WORK TO COMPLETE:
Please restate each line of the data that follows word for word, skipping any image.

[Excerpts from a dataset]
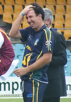 Cooper was selected to play for the Australian Institute of Sports in an Emerging Players Tournament over the 2009 winter, batting at number 3 and holding the team together with little support on multiple occasions.[15][16] In the 2009–10 season Cooper's one-day form improved with three fifties for South Australia in the 2009–10 Ford Ranger One Day Cup season, including a brutal score of 78 runs from just 45 balls with three sixes and eight fours in a seven-wicket win over Tasmania.[17][18][19] His breakout performance came near the end of the season when he played a tour match for the Prime Minister's XI against the West Indies cricket team. After Chris Gayle had blasted 146 runs for the Windies, Cooper outdid him with 160 not out from 120 balls, hitting six sixes and 14 fours.[20]
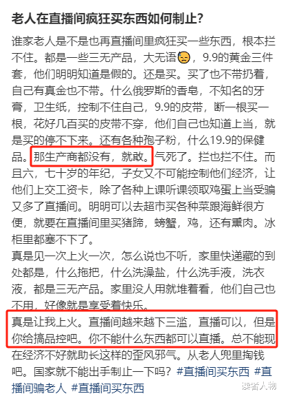 他们对网络世界的套路了解不多,又渴望通过网购来满足自己的需求,所以就成了不良商家和主播眼中的“肥肉”。
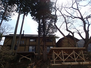 母屋裏の北斜面。下から見上げますと、このような感じです。
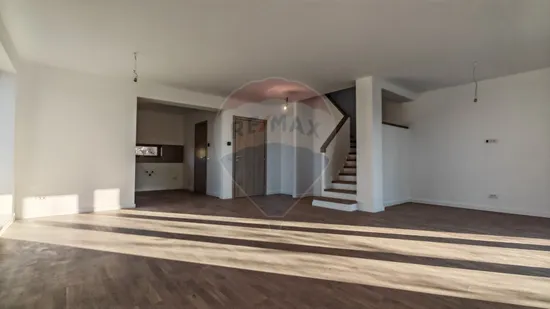 Fotografiile cu interiorul sunt cu titlu de prezentare și ilustrează o posibilă variantă de amenajare. Vila se vinde în stadiu nefinisat, oferindu-ți libertatea de a o personaliza integral după propriul gust. La cerere, proprietatea poate fi livrată și finisată, conform unui proiect de amenajare agreat împreună, cu buget și materiale adaptate preferințelor tale.
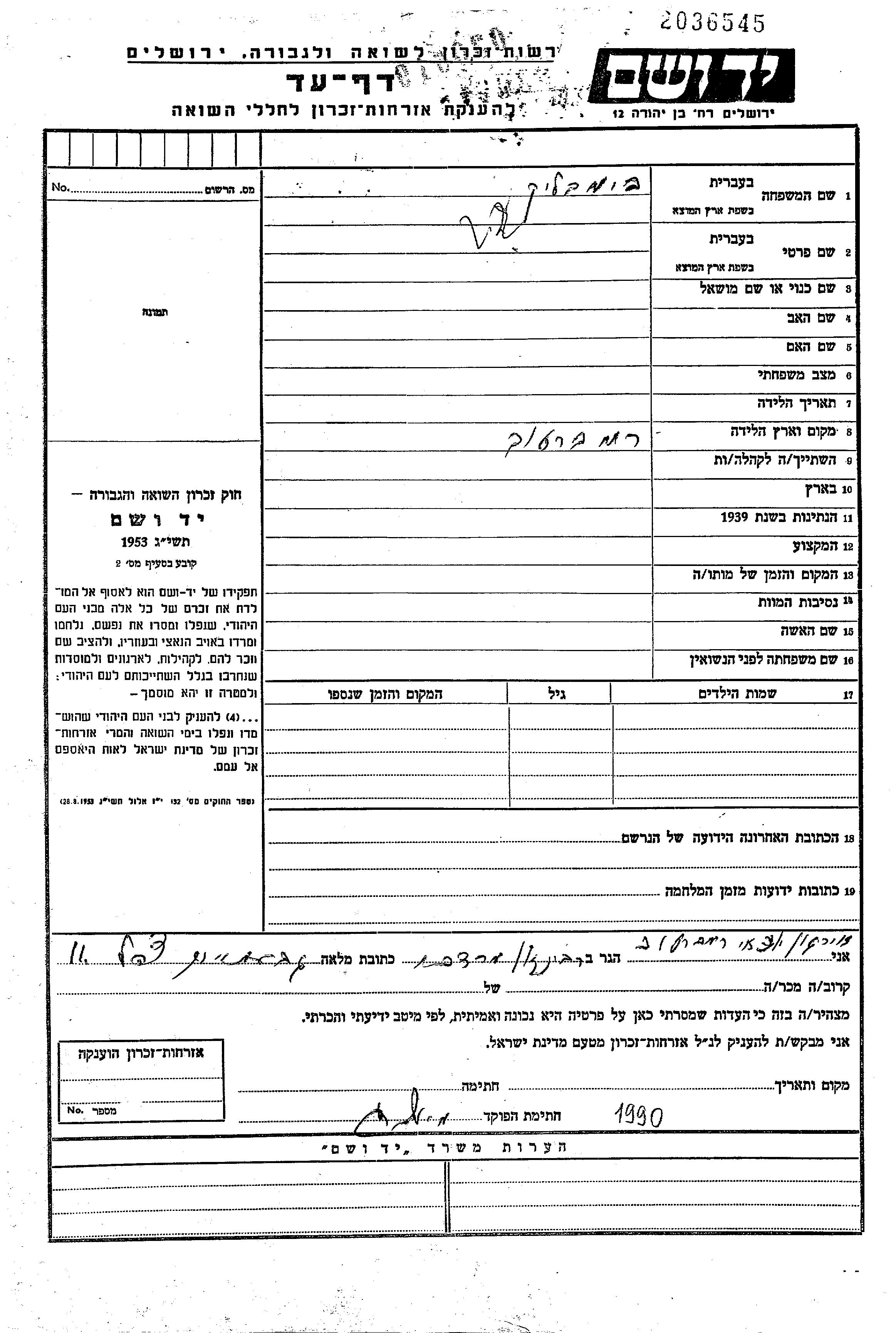 Yad Vashem - Pages of Testimony Names Memorial Collection
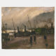 Die letzten Dämmerungserinnern klangen am Amsterdamer Himmel und bluten auf der Leinwand der Wolken Orange und Flamingo Rosa. Hier, an der De Ruijterkade, dem belebten Hafen der Stadt, spielte sich eine Symphonie ruhiger Industrie ab. Das rhythmische Ritzel des Riggings, die gedämpften Schreie der Segler, der sanfte Rauch des Wassers gegen die hölzernen Kais - alles Melodien in diesem nächtlichen Concerto. - Ich, Vincent van Gogh, stand hier, meine Pinselstriche imitierten den Tanz von Licht und Schatten auf dem Wasser. Silhouetten von Schiffen, von denen einige Rauchsteine ihre moderne Zeit verkündeten, schwangen wie schlummernde Riesen. Auf den Pflastersteinen bewegten sich die Figuren müde; vielleicht haben Fischer, ihre Gesichter mit den Linien eines Lebens geätzt, das im Wrestling des Meeres verbracht wurde, oder Hafenarbeiter, die von den mächtigen Hügeln in den Schatten gestellt wurden, ihre Arbeit ein stilles Ballett im verblassenden Licht. — Hier ist eine Pause, eine schwangere Pause zwischen dem Ausatmen eines Tages und dem Inhalieren des nächsten. Ist das das Ende einer Reise oder der zögerliche Beginn einer neuen? Die Antwort wühlt auf der Wasseroberfläche unsichtbar. Ich fasse alles mit lebhaften Farbschlägen, Blues und Orangen als Kontrapunkt zur verblassenden Symphonie der Stadt auf. In dieser Szene warten tausend Geschichten darauf erzählt zu werden; die Geschichten, die vom Wind geflüstert werden, die Geheimnisse, die in den dunklen Rüschen gehalten werden, das Leben, das auf den Gesichtern des Unsichtbaren geätzt wird. Die De Ruijterkade, ein Hafen, der atmet, eine Stadt, die schlummert, eine Geschichte, die gemalt werden gewartet. — Dieses Werk von Vincent van Gogh ist in der Öffentlichkeit in seinem Herkunftsland und anderen Ländern und Bereichen, wo das Urheberrecht Begriff ist das Leben des Autors plus 100 Jahre oder weniger.

WORKED SOLUTION:
 Cooper was selected to play for the Australian Institute of Sports in an Emerging Players Tournament over the 2009 winter, batting at number 3 and holding the team together with little support on multiple occasions.[15][16] In the 2009–10 season Cooper's one-day form improved with three fifties for South Australia in the 2009–10 Ford Ranger One Day Cup season, including a brutal score of 78 runs from just 45 balls with three sixes and eight fours in a seven-wicket win over Tasmania.[17][18][19] His breakout performance came near the end of the season when he played a tour match for the Prime Minister's XI against the West Indies cricket team. After Chris Gayle had blasted 146 runs for the Windies, Cooper outdid him with 160 not out from 120 balls, hitting six sixes and 14 fours.[20]
 他们对网络世界的套路了解不多,又渴望通过网购来满足自己的需求,所以就成了不良商家和主播眼中的“肥肉”。
 母屋裏の北斜面。下から見上げますと、このような感じです。
 Fotografiile cu interiorul sunt cu titlu de prezentare și ilustrează o posibilă variantă de amenajare. Vila se vinde în stadiu nefinisat, oferindu-ți libertatea de a o personaliza integral după propriul gust. La cerere, proprietatea poate fi livrată și finisată, conform unui proiect de amenajare agreat împreună, cu buget și materiale adaptate preferințelor tale.
 Yad Vashem - Pages of Testimony Names Memorial Collection
 Die letzten Dämmerungserinnern klangen am Amsterdamer Himmel und bluten auf der Leinwand der Wolken Orange und Flamingo Rosa. Hier, an der De Ruijterkade, dem belebten Hafen der Stadt, spielte sich eine Symphonie ruhiger Industrie ab. Das rhythmische Ritzel des Riggings, die gedämpften Schreie der Segler, der sanfte Rauch des Wassers gegen die hölzernen Kais - alles Melodien in diesem nächtlichen Concerto. - Ich, Vincent van Gogh, stand hier, meine Pinselstriche imitierten den Tanz von Licht und Schatten auf dem Wasser. Silhouetten von Schiffen, von denen einige Rauchsteine ihre moderne Zeit verkündeten, schwangen wie schlummernde Riesen. Auf den Pflastersteinen bewegten sich die Figuren müde; vielleicht haben Fischer, ihre Gesichter mit den Linien eines Lebens geätzt, das im Wrestling des Meeres verbracht wurde, oder Hafenarbeiter, die von den mächtigen Hügeln in den Schatten gestellt wurden, ihre Arbeit ein stilles Ballett im verblassenden Licht. — Hier ist eine Pause, eine schwangere Pause zwischen dem Ausatmen eines Tages und dem Inhalieren des nächsten. Ist das das Ende einer Reise oder der zögerliche Beginn einer neuen? Die Antwort wühlt auf der Wasseroberfläche unsichtbar. Ich fasse alles mit lebhaften Farbschlägen, Blues und Orangen als Kontrapunkt zur verblassenden Symphonie der Stadt auf. In dieser Szene warten tausend Geschichten darauf erzählt zu werden; die Geschichten, die vom Wind geflüstert werden, die Geheimnisse, die in den dunklen Rüschen gehalten werden, das Leben, das auf den Gesichtern des Unsichtbaren geätzt wird. Die De Ruijterkade, ein Hafen, der atmet, eine Stadt, die schlummert, eine Geschichte, die gemalt werden gewartet. — Dieses Werk von Vincent van Gogh ist in der Öffentlichkeit in seinem Herkunftsland und anderen Ländern und Bereichen, wo das Urheberrecht Begriff ist das Leben des Autors plus 100 Jahre oder weniger.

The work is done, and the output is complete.